Como seria se desde já decidíssemos e efetivamente nos colocássemos nesse caminho da prática de si que a esquizoanálise inspira e propõe?
O que desde já começaríamos a nos tornar? E também os que nos são próximos, o que aconteceria com eles, seríam contagiados? – se desde já, nos fizéssemos aliados de um modo de viver e pensar como o que nos inspira e propõe a esquizoanálise?
Se tivesse que dizer em uma palavra o que é e o que pode a esquizoanálise, talvez pudesse defini-la como a mais refinada e potente máquina libertária do desejo, do corpo e do pensamento que apareceu nos últimos 46 anos, e cujo modus operandi é o de um combate implacável e sem tréguas aos modos vis de viver.
Ela despe, escancara à luz de um sol à pino sem sombras, os esconderijos dos modos malogrados de vida, daqueles que tornaram-se máquinas de entristecer e destilar vingança em sua vontade irrefreável de julgar às diferenças da vida.
Diante dela enrubescem e perdem o pé as cabeças fascistas, moralistas, mistificadoras, autoritárias, juízas e suas sentenças de morte, despóticas, sórdidas por covardia. Não cabeças animais, mas cabeças humanas que se autoproclamam do bem.
Mas a esquizoanálise não ataca pessoas ou grupo de pessoas, mas os maus jeitos com a própria vida e com a vida dos outros: isso escapa ao olhar desavisado.
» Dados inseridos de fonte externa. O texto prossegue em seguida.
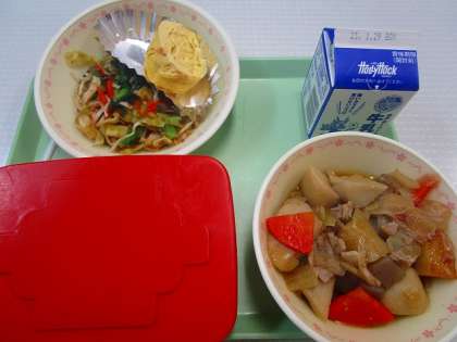 【献立】ごはん 牛乳 厚焼きたまご おかかあえ 里いもと豚肉の煮物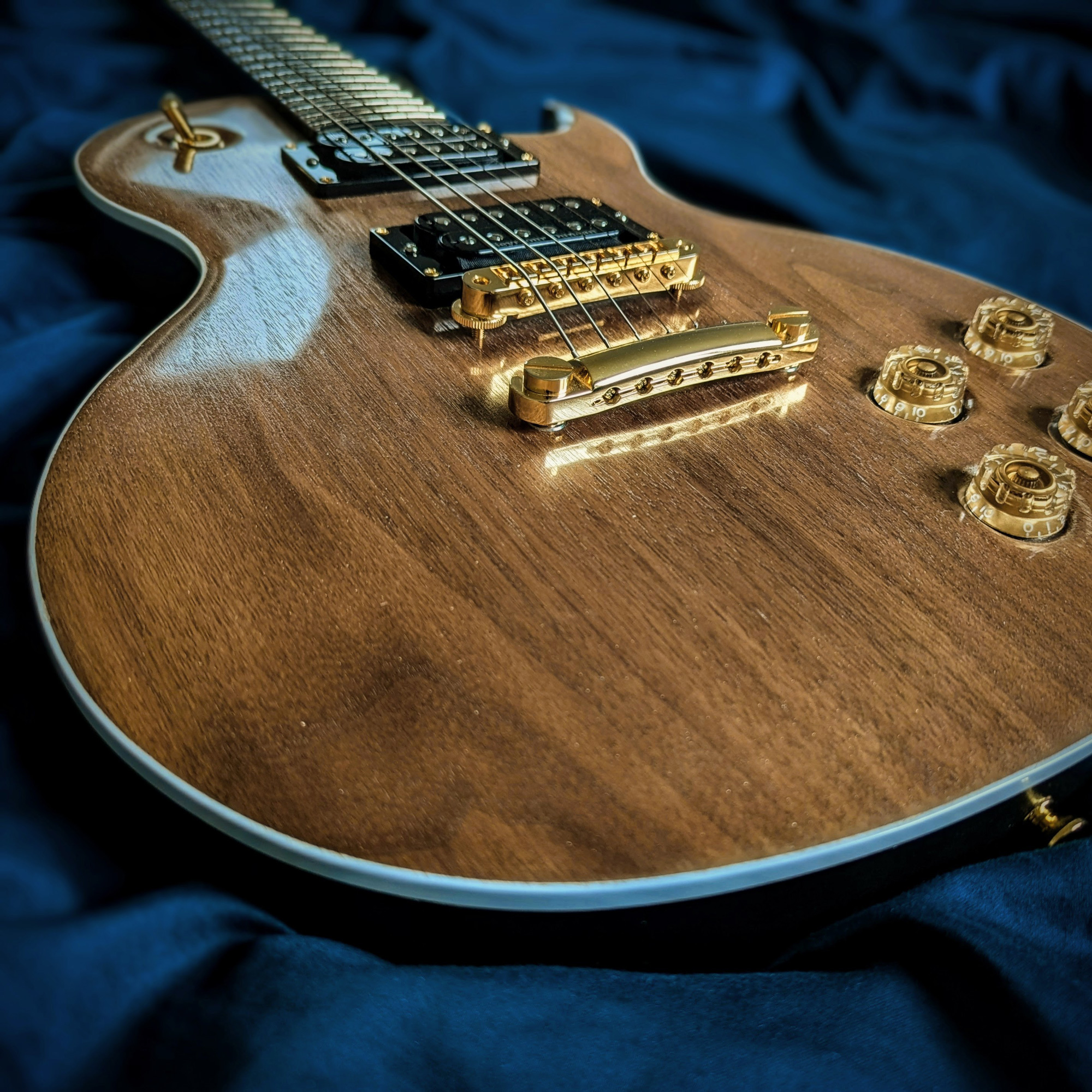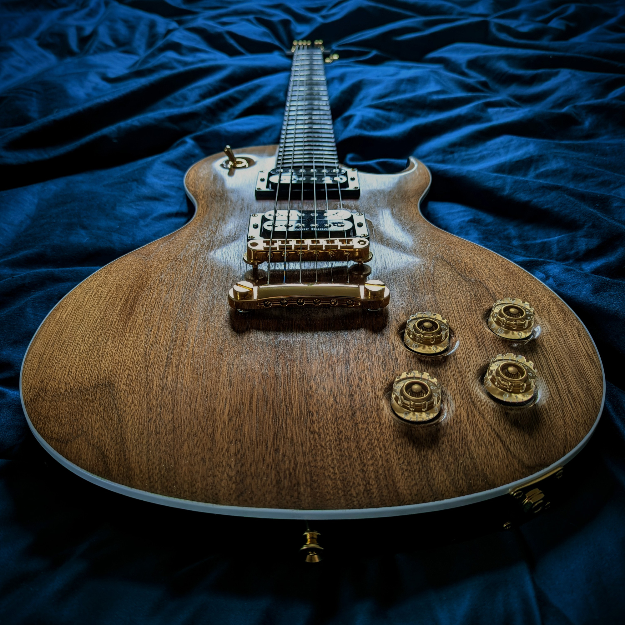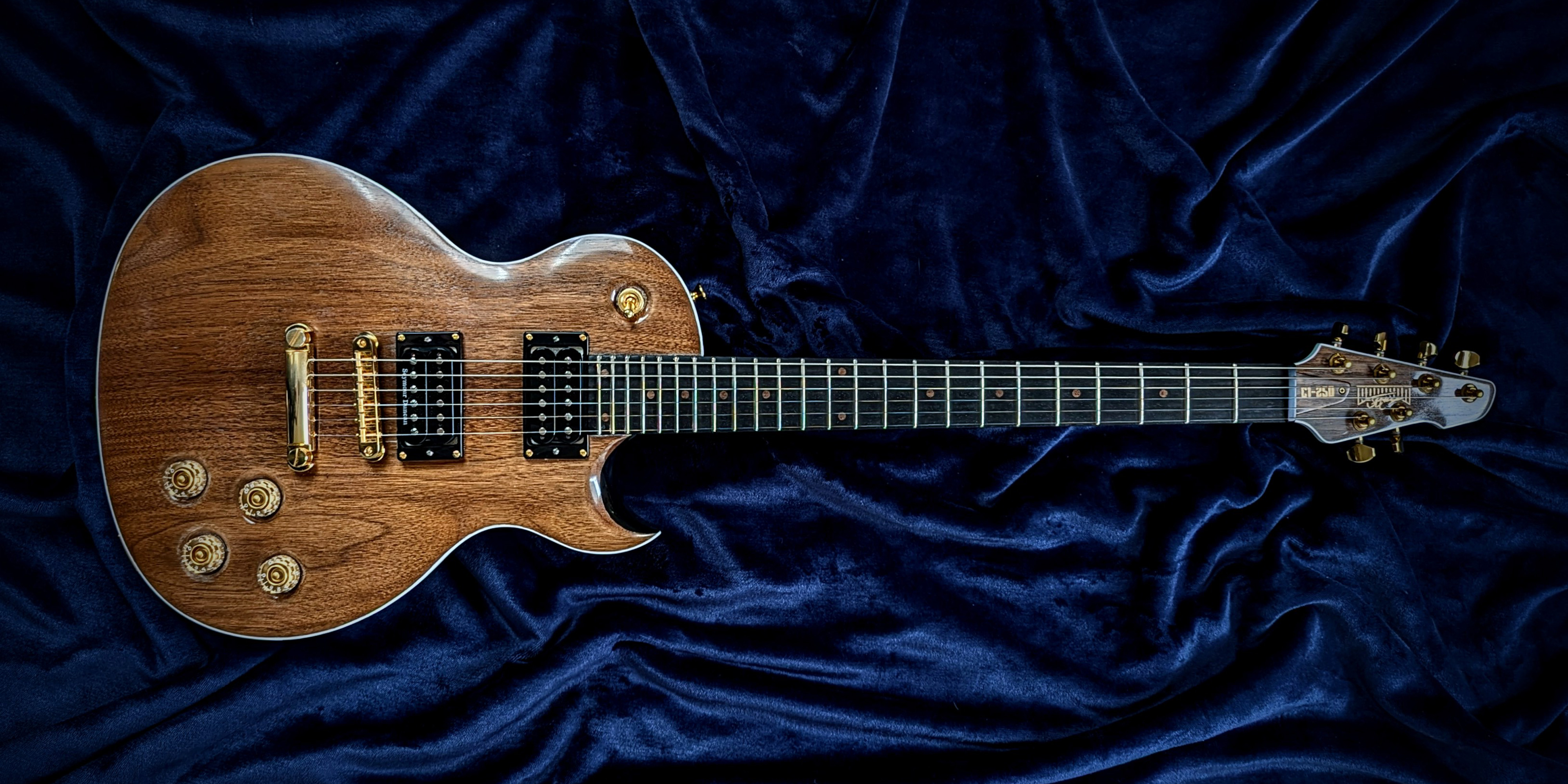 This is my first handmade guitar, creatively named the C1-250 (stands for 1 cutaway, 25.0 inch scale-length.) It's an original design that bears resemblance to a Les Paul or PRS. The body is alder with an American black walnut top and white binding, the neck is maple with black walnut headstock veneer, and the fretboard is made of ebony.

Um combate subterrâneo, visceral, insubstituível e implacável contra as paixões tristes, seus ressentimentos e resignações, seus desmandos, suas permissividades e os corrosivos poderes que delas se nutrem.
Esse combate se faz não apenas à luz, contra as instâncias que operam e investem de fora uma dupla captura do desejo, tanto por rebaixamento quanto por empoderamento das vidas cooptadas.
Mas sobretudo combate os maus jeitos que vem de dentro de nossos atolamentos afetivos, que estão sob nossa responsabilidade e apenas em nossas mãos as transmutações nessessárias do modo de desejar e do uso dos afetos que preenchem esse desejo.
São os atolamentos que não nos deixam viver sem envenenar, sem rebaixar, sem culpabilizar os atos de existir, roubando-lhes a inocência.
É uma declaração de guerra aos que só sabem viver se alimentando das paixões tristes e reproduzindo seus tristes poderes!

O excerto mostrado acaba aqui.